死亡フラグは立ちません
野戦病院での一コマ
青年が少女にプロポーズする話
「君ってきれいな手をしてるな」
「……離してください。治療が出来ません」
「ええ~、いいじゃん。減るもんでもあるまいし」
「現在進行形であなたの血が減っているのですが。出血多量で死にますか?」
「ごめんなさい」
ぱっと手を離すと何事もなかったように治療を再開する。そっけいない態度とは裏腹に薬を塗り、包帯を巻いていく手は丁寧で慈愛に満ち満ちている。
その手を見つめながら青年は減らず口を叩いた。
「あのさ。この戦争が終わったら、俺と結婚しない?」
「ここでプロポーズをされたのは七回目です」
「え!? めっちゃされてんじゃん!! え? 七回目? 前の六人はどうなったの?」
「察してください」
「……まじかー。フラグ立ちまくりじゃん。ヤベェ、俺もフラグ立てちゃった」
そう言って笑う青年に少女は呆れた表情を向けた。
「元気なことは大変よろしいのですが、静かにしてください。ここは談話室でもカフェテラスでもないんですよ」
「可愛い女の子を見たら口説くっていうのが俺の信条なんで。いくら君の頼みでも聞けないな」
少女の手が一瞬止まる。ほんのりと色づく頬に青年は緩んでいた顔を更ににやけさせた。
「少々、不謹慎ではありませんか? ここには……苦しんでいる人たちがたくさんいるんです。そんな中で冗談を言ったり、笑ったりして。あなただって怪我が治ってもまた」
「明日には死ぬかもしれないからこそ、笑ってなきゃ人生もったいないじゃん。明日死なないかもしれないし、十年後も二十年後も三十年後もしぶとく生きてるかもしれない。そんな未来に君がいるって想像したらめちゃくちゃ幸せなんだもん」
青年は言葉通り、少女の瞳の奥にある未来を見つめるように、本当に幸せそうに笑った。
ここは治療所などではない。更なる地獄へと送り出すための中継地点だ。
なおせば使える見込みのあるものだけがこの場所に運ばれてくる。
地獄を見たものたちは戦場に戻るのを恐れ、逃げ出そうとするものまでいる。けれど逃げ出せば、今度は戦犯として国に処分される。

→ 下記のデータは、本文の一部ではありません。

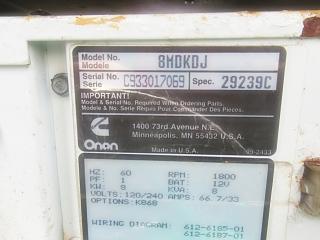 メーカー名:オナン ワット数:8kw 燃料:軽油 |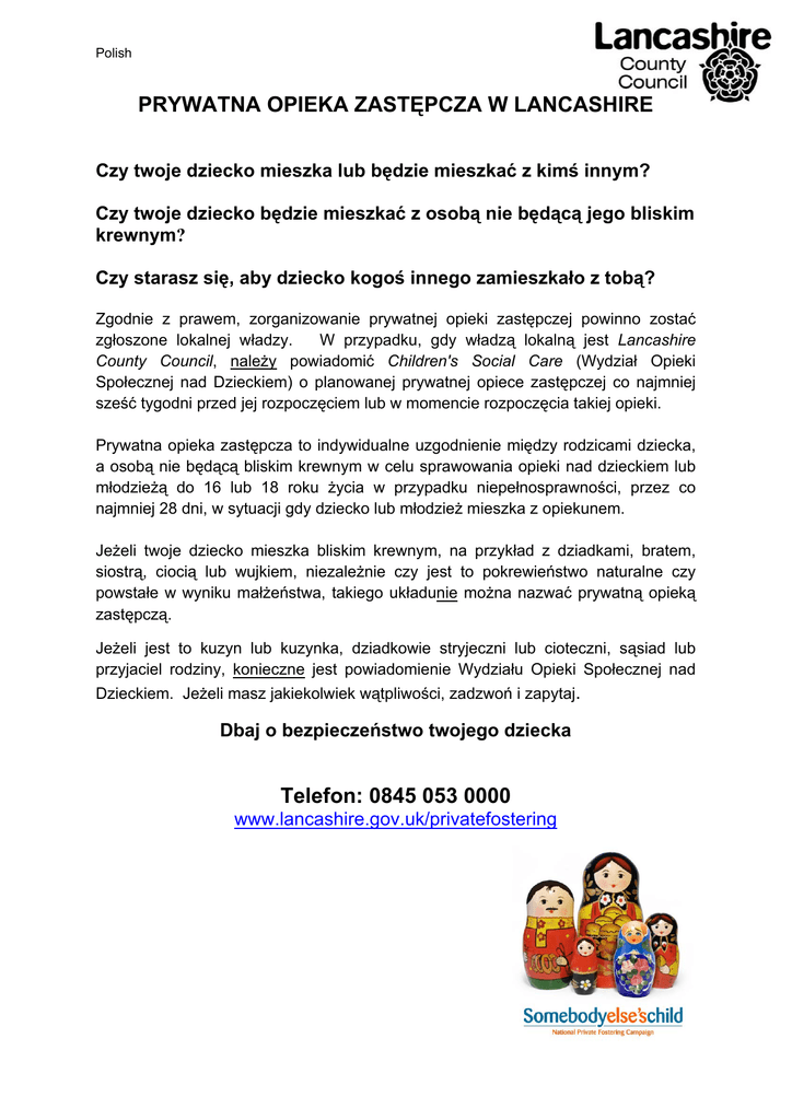 Polish PRYWATNA OPIEKA ZASTĘPCZA W LANCASHIRE Czy twoje dziecko mieszka lub będzie mieszkać z kimś innym? Czy twoje dziecko będzie mieszkać z osobą nie będącą jego bliskim krewnym? Czy starasz się, aby dziecko kogoś innego zamieszkało z tobą? Zgodnie z prawem, zorganizowanie prywatnej opieki zastępczej powinno zostać zgłoszone lokalnej władzy. W przypadku, gdy władzą lokalną jest Lancashire County Council, należy powiadomić Children's Social Care (Wydział Opieki Społecznej nad Dzieckiem) o planowanej prywatnej opiece zastępczej co najmniej sześć tygodni przed jej rozpoczęciem lub w momencie rozpoczęcia takiej opieki. Prywatna opieka zastępcza to indywidualne uzgodnienie między rodzicami dziecka, a osobą nie będącą bliskim krewnym w celu sprawowania opieki nad dzieckiem lub młodzieżą do 16 lub 18 roku życia w przypadku niepełnosprawności, przez co najmniej 28 dni, w sytuacji gdy dziecko lub młodzież mieszka z opiekunem. Jeżeli twoje dziecko mieszka bliskim krewnym, na przykład z dziadkami, bratem, siostrą, ciocią lub wujkiem, niezależnie czy jest to pokrewieństwo naturalne czy powstałe w wyniku małżeństwa, takiego układunie można nazwać prywatną opieką zastępczą. Jeżeli jest to kuzyn lub kuzynka, dziadkowie stryjeczni lub cioteczni, sąsiad lub przyjaciel rodziny, konieczne jest powiadomienie Wydziału Opieki Społecznej nad Dzieckiem. Jeżeli masz jakiekolwiek wątpliwości, zadzwoń i zapytaj. Dbaj o bezpieczeństwo twojego dziecka Telefon: 0845 053 0000 www.lancashire.gov.uk/privatefostering

だから、夢想する。あるはずのない未来を。幸福な結末を。ただ現実から目を逸らすために。
少女が治療を施した彼らは決して帰ってこないのだ。
この青年だって同じだ。同じはずなのに、なぜ、こんなにも違うのだろう。
夢想などではない。現実逃避などではない。青年の描いた未来が少女にも見えてしまった。少女自身、明日死んでしまうかもしれないというのに、何十年も先の未来に目の前の青年と笑っている自分がいとも容易く想像できてしまった。
いつもの自分なら幸せな脳みそですねなんて皮肉を言っているはずなのに少女の口から出た言葉は全く意味の異なるものだった。
「それは、幸せな未来かもしれませんね」
「でしょでしょ!? だから、俺と結婚しよう! 返事はオッケーってことでいいんだよね!?……よっしゃああああ!!っっっあいてててっ」
「ちょ、ちょっと!急に動かないでください!あと、叫ばないでください!!ていうか、オッケーしてません!!」
急に起き上がってガッツポーズしたと思えば、あまりの痛みにベッドに逆戻りした。
少女は少女でどこから突っ込めばいいのか混乱している。それでも、たくさんの治療を施してきたその手は正しい処置を施していく。
「……君の手はきれいだ」
「それはどうも」
「ちょっとツンケンしてるところも可愛い」
「そうですか」
「可愛いって言うとほっぺが赤くなる所もキュンです」
「はいはい」
「プロポーズの返事はいつもらえますか?」
「…………未来の約束は出来ません」
「わかった」
少女ははっと顔を上げた。否定の言葉にこんなにあっさりと同意が返ってくるとは思っていなかったからだ。けれど青年の顔を見て、少女はあっけに取られた。
「……なんで、笑ってるんですか?」
正しくはニヤニヤしている、だ。それはもう盛大に。怪我人でなければどつきたいほどに青年はやに下がっていた。
「いや、だって、それってさ。ううん。なんでもない! とりあえず今は、君に手当してもらえる幸せを噛み締めておこうかなって」
「なんですか、それ?」
少女は思わずふふっと笑う。そんな少女の微笑みを見て、青年は喜びに身悶える。
ここは戦場だ。
明日には死ぬとも知れぬ命。
それでも彼らは笑い合って今を生きるのだ。